加えて腹の虫は鳴りやむ様子もなく、ひたすらグゥグゥなり続けている。流石にうるさかったのか、後から看護婦さんが来てすぐさま対応してくれた。
「はぁ、食ったぁ食ったぁ。いやぁ、助かったぜ二人共」
食べ終わったカミナは満足げに腹を擦った。
「多分お前くらいだぞアーティストにコンビニへ御使いさせる奴なんて」
そう、こいつの腹の虫は病院食だけでは収まらなかったのだ。緒川さんも居なかったので、やむなくあたしと翼で買いに行った。弦十郎の旦那もそうだが、気合と根性で出来てる男ってこうも大食いなのか?
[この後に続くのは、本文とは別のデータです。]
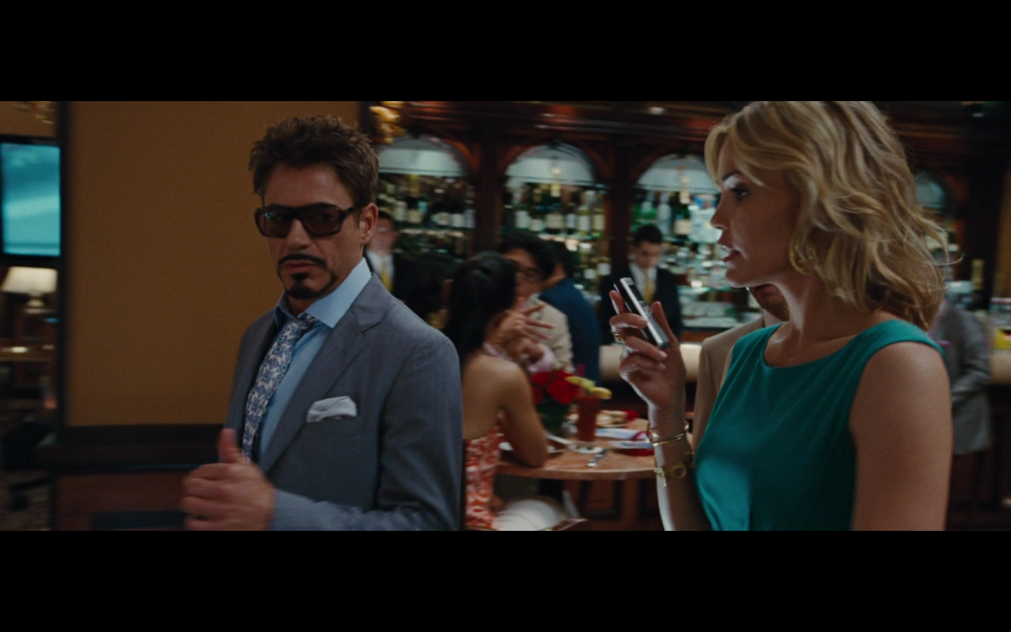 I wonder how many individual sound clips there are in Hollywood of ice clinking around in crystal glasses. And, Asian chick wants him, and douche white guy wants to be him.

「いやぁ、それは悪かった。なんせ、病院食食っても腹が膨れなくてさ。今なら昔食った超特盛チャーシューメンもすんなり入るくらいなんだが、流石に病院抜け出すのは無理そうだからな」
超特盛チャーシューメン? どっかで聞いたことがあるなと思ったが、直ぐにどうでもよくなった。
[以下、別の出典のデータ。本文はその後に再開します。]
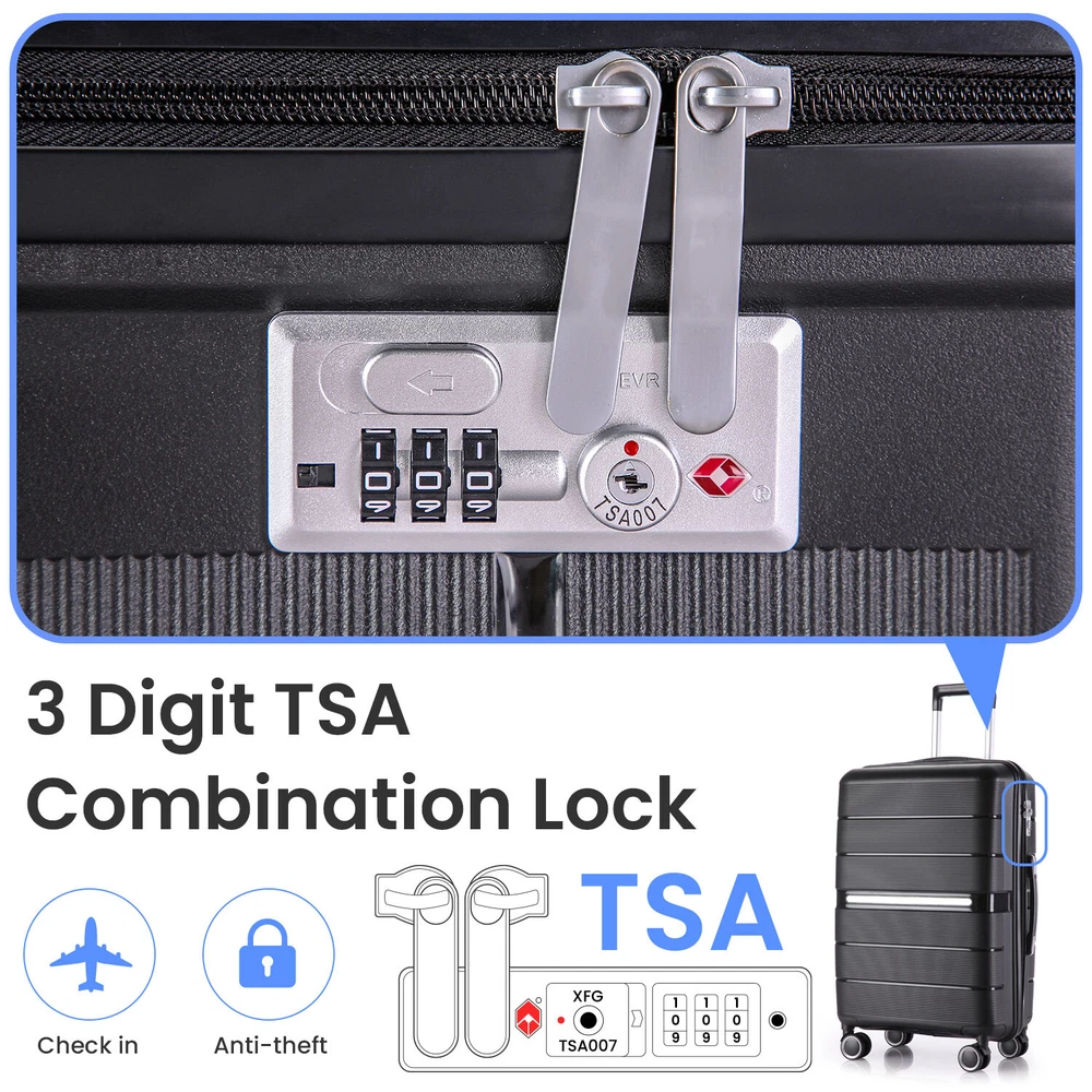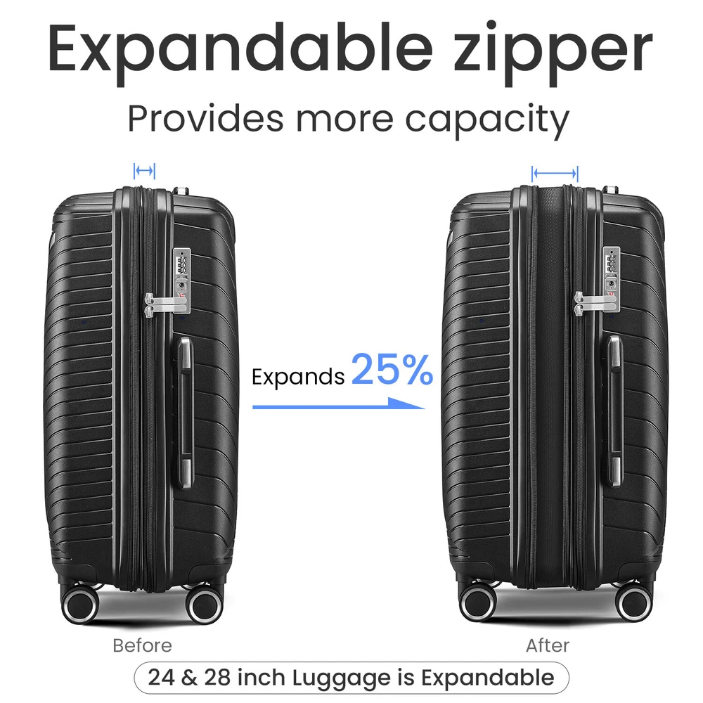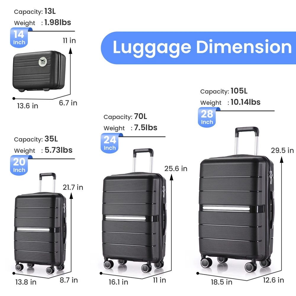 Specification Product Information Item Code:W2098126455 Product Type:General Item Product Name:Luggage Sets 4 Piece(14/20/24/28) PP Lightweight & Durable Expandable suitcase Place of Origin:China Main Color:Black Main Material:Polypropylene Product Dimensions Assembled Length (in.):18.30 Assembled Width (in.):10.80 Assembled Height (in.):29.00 Weight (lbs.):24.00 Package Size Length (in.):19.30 Width (in.):11.80 Height (in.):30.00 Weight (lbs.):26.50 Product Features Top quality luggage sets, PC material for hardshell, which makes the luggage more durable, lighter and impact-resistant. 21in is best for carry on, 29in expands 20% for more spaces. Organized and Spacious Interior. The fully lined luggage includes a handy divider and an interior organizer with zippered pocket for smaller items. Organized and Spacious Interior. The fully lined luggage includes a handy divider and an interior organizer with zippered pocket for smaller items. Adjustable 3-level aluminum telescoping handle allows you to quickly maneuver in tight spaces and it's sturdier than most of the telescoping handle on the market. The top/side soft reinforced grip handles for easy carrying when in a hurry, or it can be really handy when lifting the suitcase with heavy weight. Side-mounted TSA LOCK with smooth YKK zipper act to deter theft, ensuring that only you or a TSA agent have easy access to your belongings when traveling, added security and convenience. Multi-directional spinner wheels to provide 360° effortless mobility and ease on traveler's wrist, re-engineered lightweight. Description

「腹が減ったから病院抜け出したなんて奴聞いたことねぇぞ」
「やろうとしてた奴はここに居るがな」
他愛ない話をしてから、あたしはカミナにあの時あったことを覚えているのか尋ねた。自分の身に何が起こっていたのかカミナはちゃんと覚えていた。あの力は何なのかと聞こうとしたが、先にメガネやあっちゃん達、他の観客は無事なのかを聞いてきた。あっちゃん達は全員無事だと伝えると安堵したが、死者・行方不明者の数が一万近くおり、まだ増える見込みだと知るとカミナは悲しそうな顔をしていた。
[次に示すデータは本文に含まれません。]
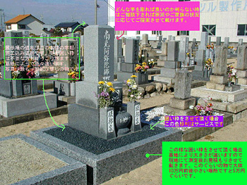 | 普通、一般的にはいくらぐらいのどんな囲いを作れば良いのですか?と言ったご質問をよくいただきます。しかし実際の所、小社のある同じ鈴鹿市内でも墓地によって敷地の大きさや一般的なやり方が違いますのでお見積もりの前にまずは現地を見させて下さい、ある墓地では一般的な事が隣町の違う墓地では一般的ではない事が多々ありますのでこれが一般的で××円ですと言う風にハッキリとご紹介できない事をお詫びいたします。 町内の墓地(鈴鹿の方言?で“さんまい”)では通常(特に白子。神戸などの古い町)シンプルな感じの物が多いですが、同じ鈴鹿市内でもある墓地では大多数の方が高さの高い囲いを作ったり、けんち積み(上写真参照)が90%以上の墓地もあります。 同じ鈴鹿市でも西部の山に近くなるほど墓地が大きく、又民間企業運営型の公園墓地などは豪華な巻石になっていく傾向があります。 価格目安の一例と致しましては左写真の様な囲いですと高さ約20cm(7寸と呼びます)で約1.5m四方の広さがありますので合計6mの延べ石が必要です。石質や磨きの有無によって価格差がありますが(写真は磨き無し)¥15,000=1mあたり、ぐらいからご用意させていただいてますので左ぐらいの物は約¥9,000ぐらいとなります。もう少し高さの低い物はその分お安くなります。ご注意:同じぐらいに見えても寸法を測ると結構違うものです、1m角の敷地と1.1m角の敷地では延べ石の合計が10%違いますので総工事価格も10%あがります墓石が1基やっとm角の敷地と建つ様な広さ(1m角ぐらい)ですと¥4〜5万ぐらいから出来ます。 土地の寸法がみなさん違いますので、お見積もりの前に現地を見せていただく必要があります、どうぞお気軽にご相談下さい、もちろん現地測定お見積もりはご注文の有無にかかわらず無料です。 |

それを見るのが辛くなったあたしは話題を変えようと思った。
「なぁ、カミナ。あの時見せた力って何だったんだ?」
「あー、あれか? あれはなぁ」
「はーい、ストップストップ! その話は私も混ぜて欲しいわね」
「櫻井女史!?」
「了子さん!?」
いきなり扉を開けてやって来たのは了子さんだった。それと同時にカミナは驚いた顔をしていた。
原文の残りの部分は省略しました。